El Santo Evangelio de este Domingo (XXV del Tiempo Ordinario; Ciclo A: Mt 20, 1-16) compara el Reino de los Cielos con un padre de familia que, a distintas horas del día, contrató a obreros para trabajar en su viña. Al final de la jornada pagó a todos la misma cantidad que había acordado con ellos, con independencia del tiempo que hubieran trabajado.
Además de la de hoy, son varias las parábolas del Evangelio en la que se utiliza como elemento de comparación una viña: la de los dos hijos enviados a trabajar (Mt 21, 28-32) y la de los viñadores homicidas (Mt 21, 33-46).
Las tres pertenecen a lo que se llaman parábolas históricas porque ilustran un episodio de la historia sagrada mediante la presentación del Reino de los cielos bajo la imagen de una viña. Pero reciben también el nombre de parábolas de la reprobación porque la imagen de la viña sirve para expresar la predilección de Dios por Israel y la mala correspondencia de este pueblo, la infidelidad de los judíos a su vocación y la elección por parte de Dios de un nuevo pueblo que será la Iglesia.
Dios hizo depositario de la promesa de salvación mesiánica al pueblo elegido mediante una Alianza, cuyos compromisos los judíos no cumplieron a lo largo de muchos siglos, a pesar de las continuas invitaciones que Dios les hizo a través de los profetas. La parte leal y noble de Israel rogó, sufrió y perseveró en medio de las circunstancias más difíciles. Y Dios cumplió todos sus compromisos: sensible, según su promesa, a las súplicas constantes de este pueblo, el Señor le envía el Mesías, conforme a la imagen trazada en sus menores detalles por las predicciones de los Profetas. Pero los herederos de la promesa histórica le van a dar muerte de cruz. La muerte de Jesús supone la reprobación de Israel como pueblo elegido de la que da fe la destrucción de Jerusalén el año 70: «Así, los últimos serán primeros, y los primeros, últimos» (Mt 20, 16) «Por eso os digo que se os quitará a vosotros el reino de los cielos, y se dará a un pueblo que produzca sus frutos» (Mt 21, 43) (Cfr.

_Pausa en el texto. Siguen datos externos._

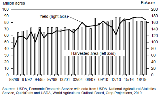 Рисунок 2. Уборочная площадь и урожайность кукурузы в США.

Salvador Muñoz Iglesias, Año Litúrgico, ciclo A, Domingo XXVII del Tiempo Ordinario).
La interpretación histórica de la parábola de los viñadores no impide que nosotros hoy la apliquemos a nuestra propia vida cristiana.
I. La principal enseñanza que se nos da en esta parábola es que Dios actúa con la más completa libertad en el reparto de sus gracias.
Tiene un amor de predilección por algunas almas que le lleva a usar de mayor bondad y misericordia con unos, sin dejar de usarla con otros. Él distribuye las predilecciones de su amor a quien quiere, como quiere y cuando quiere, sin que a nadie hagan agravio estas preferencias de su amor divino: «¿Es que no tengo libertad para hacer lo que quiera en mis asuntos? ¿O vas a tener tú envidia porque yo soy bueno?».
Agradezcamos pues a Dios las preferencias que ha tenido por nosotros desde que nos eligió el día que vinimos a la existencia y recibimos el santo Bautismo. Pero no olvidemos que en el Juicio tendremos que darle cuenta de los beneficios y gracias que nos ha concedido.
II. Ahora bien, esta enseñanza debe completarse con otra que también se contiene en la parábola.
Todos recibieron la misma paga, los primeros y los últimos; de la misma manera que todo cristiano que muere en gracia de Dios entra en el cielo. Ahora bien, no podemos sacar de esto la consecuencia de es indiferente cómo hayamos vivido. En el cielo, como dijo el mismo Jesús, hay diferentes moradas. Por eso, al lado de la gracia hay que hablar del mérito, es decir del derecho a un premio sobrenatural como resultado de una obra sobrenaturalmente buena, hecha libremente por amor de Dios, y de una promesa divina que es la garantía del mismo.
La parábola nos enseña que nuestro mérito no se funda en nuestras obras en sí, sino en la unión de esas obras con los méritos infinitos de Jesucristo y con la promesa divina de darnos por ellas un premio sobrenatural: lo que llamamos el Cielo. Poco valen, en efecto nuestras obras, pero, en eso radica la grandeza de la vida cristiana: ayudados de la divina gracia, somos capaces de practicar unas obras que, unidas a los méritos de Jesucristo, llevan unida la promesa de un gran premio que confiamos alcanzar. Ese es precisamente el objeto de la virtud teologal de la Esperanza.
Trabajemos pues en esta vida para que nuestra gloria sea grande en el Cielo. Oremos con fervor, que la oración atrae la gracia de Dios. Y así, en el Cielo, estaremos más cerca de la Virgen María y de la Santísima Trinidad.